Requests to update or correct
If DMPL holds personal information about an individual, and is satisfied that the information is inaccurate, out of date, incomplete, irrelevant or misleading (having regard to the purpose for which it is held), or the individual requests that DMPL correct the information, then DMPL will take reasonable steps to correct the information to ensure that it is accurate, up to date, complete, relevant and not misleading.
When DMPL corrects personal information that it previously disclosed to someone else, and the individual requests that DMPL notify the other person of the correction, then DMPL will take reasonable steps in the circumstances to give that notification unless it is impracticable or unlawful to do so. If in some circumstances DMPL refuses to correct personal information as requested, it will provide the individual with a written notice that sets out the reasons for refusal, and how to complain about the refusal.
When DMPL refuses to correct personal information as requested, and the individual requests DMPL to add a statement to their record that the information is inaccurate, out of date, incomplete, irrelevant or misleading, then DMPL will take reasonable steps in the circumstances to add the statement to the record in a manner that will make it apparent to users of the information. DMPL will respond to requests to correct/update or add a statement within a reasonable period after the request is made, and will not charge the individual for the making of the request, the correction, or the adding of the statement.
Requests to update or correct personal information can be made by contacting our Privacy Officer. Requests will usually be met or responded to within 30 days.
All complaints concerning breaches of the Act and APPs will be examined, and unless they are considered frivolous or vexatious, will be investigated by DMPL’s Privacy Officer.
Complaints should be submitted in writing directly to the Privacy Officer via the contact details on page 2 of this policy. DMPL follows dedicated procedures for identifying and reporting privacy breaches, and for receiving and responding to complaints.
DMPL’s Privacy Officer maintains a complaint register, and will investigate complaints concerning the mishandling of personal information, security breaches, allegations of breaches of the Act and the APPs, and any matters which are referred from the Office of the Australian Information Commissioner (OAIC). Your complaint will be promptly acknowledged, and will be dealt with within a reasonable amount of time depending on the complexity of the matter. You will receive updates as to the progress of your complaint if the investigation takes longer than expected. Less complex complaints can usually be dealt with within 30 days, however more complex matters may take longer to resolve.
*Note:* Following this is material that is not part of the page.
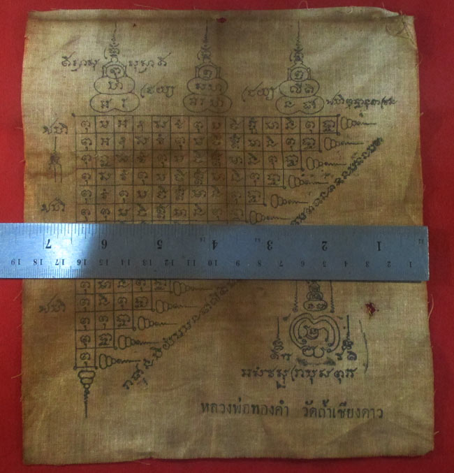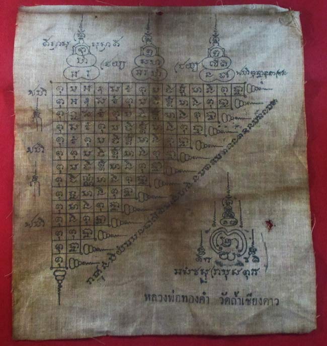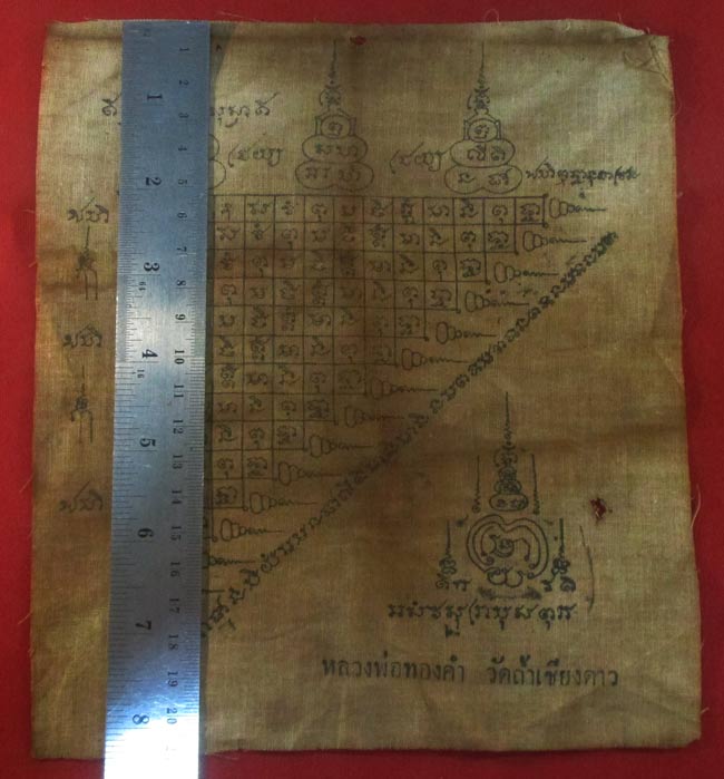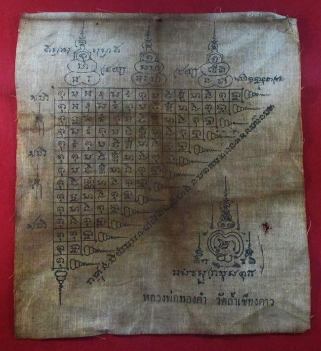 ผ้ายันต์ หลวงพ่อทองคำ วัดถ้ำเชียวดาว เนื้อผ้าดูเก่า ครับ (พระบ้าน ครับ) |

Where a notification of a breach of privacy, or a complaint about the handling of personal information is received, DMPL’s Privacy Officer will take immediate steps to contain the breach, which may involve securing or quarantining personal information or DMPL’s files which contain the personal information. A preliminary assessment will be conducted and any necessary actions taken. These actions may include notifying the individual(s) whose personal information is subject of the breach/complaint.
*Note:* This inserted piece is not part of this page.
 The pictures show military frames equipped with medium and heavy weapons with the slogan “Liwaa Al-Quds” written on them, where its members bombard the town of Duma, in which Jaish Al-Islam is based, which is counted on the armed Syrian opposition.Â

Where the preliminary assessment finds that the matter is complex or of a serious nature, independent investigators and/or legal advisors may be retained to assist with the investigation. All investigations will determine whether or not there appears to have been a breach of DMPL’s obligations under the Act. At the conclusion of the investigation, recommendations may be made as to changes to information handling practices and protocols within DMPL. The complainant (or if the matter was referred by it, the OAIC) will be informed of the outcome of the investigation, any relevant findings, and any actions taken as a result.
If the complainant is not satisfied with the investigation or the outcome, they may make a further complaint to the Office of the Australian Information Commissioner.